In most cases, if the policy is ported properly and there is no break in coverage, the continuity benefit can be carried forward. So, if a person had completed three years with one insurer and then ports the policy to another insurer, those three years may still count.
But policyholders should not handle porting casually. The old policy should not be allowed to lapse before the new one begins. Keep the old policy copies, renewal receipts, and porting approval handy, especially if a claim is questioned later. These may become useful if there is a claim dispute later.
Be Careful When Increasing The Sum Insured
The moratorium rule can become slightly more complicated when the sum insured is increased later.
Suppose someone bought a health policy of Rs 5 lakh and kept it active for five years. Later, the person increases the cover to Rs 15 lakh. Here, the first Rs 5 lakh may get the benefit of the old policy years, while the extra Rs 10 lakh could have to run through its own five-year count.
This is why it is better to buy an adequate cover early, instead of waiting until health risks increase.
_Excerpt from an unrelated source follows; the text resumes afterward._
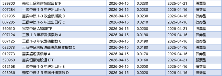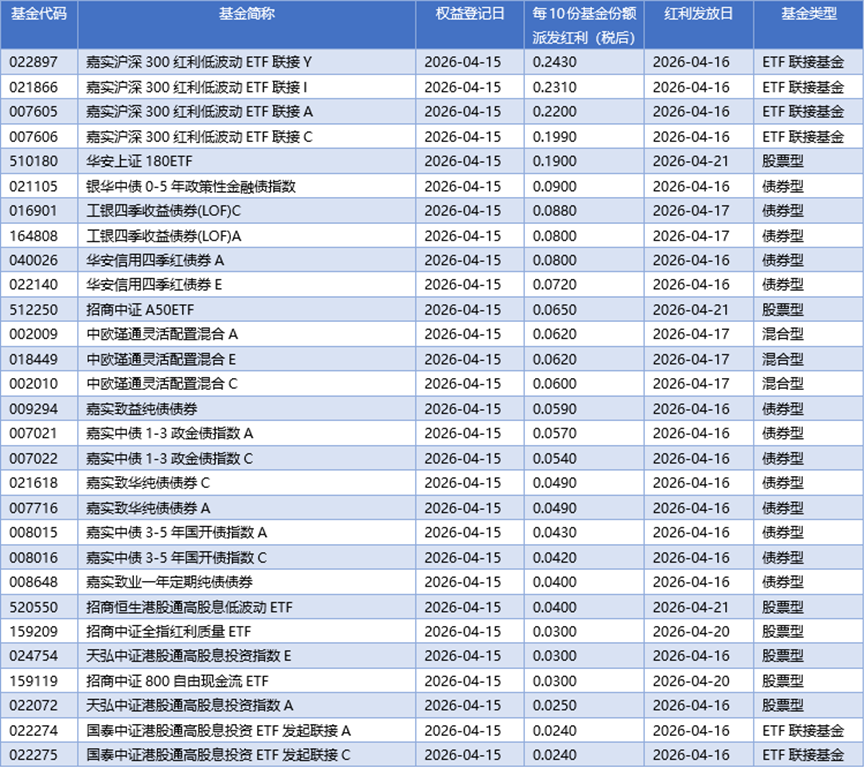 四、04月15日基金分红一览

A higher cover bought late may come with fresh underwriting, fresh waiting periods, or separate conditions for the enhanced portion.
What Policyholders Should Keep In Mind
The five-year moratorium is a strong protection, but only for honest policyholders. It is not meant for people who hide their medical history and then hope that time will protect them.
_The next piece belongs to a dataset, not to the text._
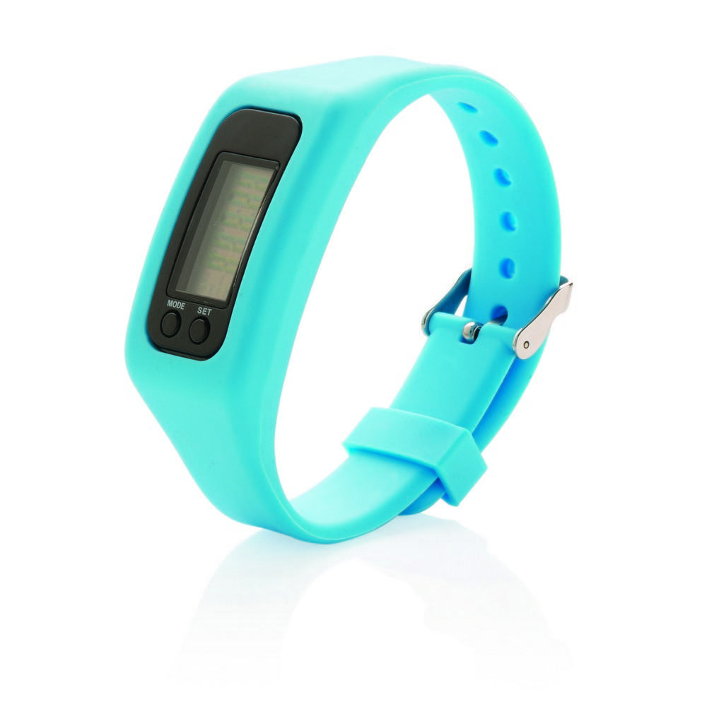 Bransoletka z krokomierzem z ABS i wyświetlaczem z akrylu. Wygodny w noszeniu silikon zapewnia komfort użytkowania, a możliwość regulacji pozwala na dostosowanie rozmiaru bransoletki do indywidualnych potrzeb. Urządzenie liczy kroki, spalone kalorie oraz przebyty dystans. Żywotność baterii, przy normalnym korzystaniu, to około 1 roku. Baterie w komplecie.
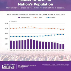 美国联邦人口普查局(U.S. Census Bureau)周一(12月30日)公布的最新调查显示,全美2019年人口增长率下滑至本世纪最低,造成该现象的原因包括出生率降低、死亡率增加、外国移入人口减少等。

At the time of buying health insurance, every relevant health detail should be disclosed. Anything important in your medical history should be stated upfront, whether it is an old surgery, regular medicine, hospital stay, long-term illness, test result, or a symptom that has not gone away. If there is doubt, it is safer to disclose more rather than less.
Policyholders should also keep a record of the proposal form, policy schedule, premium receipts, medical reports, portability documents, and any communication with the insurer. These papers can make a big difference when a claim is examined.
For customers, the message is simple. Do not let the policy lapse. Do not hide health facts. Do not assume that the moratorium period will protect against fraud. If the policy has been bought honestly and continued properly, the five-year rule can offer meaningful protection when a claim is made.
FAQs
Can a health insurance claim be rejected after five years?
Usually, an insurer cannot reject a claim by raising old non-disclosure issues after five continuous policy years. But if fraud is proved, the claim can still be rejected.
Does the five-year moratorium apply if the policy is ported?
Yes, continuity may be carried forward if the policy is ported properly and there is no break in cover. Policyholders should keep old policy papers and porting approval documents safely.
What happens if the sum insured is increased later?
The old cover may get the benefit of completed policy years, but the enhanced portion may have its own five-year count. So, it is better to buy adequate cover early.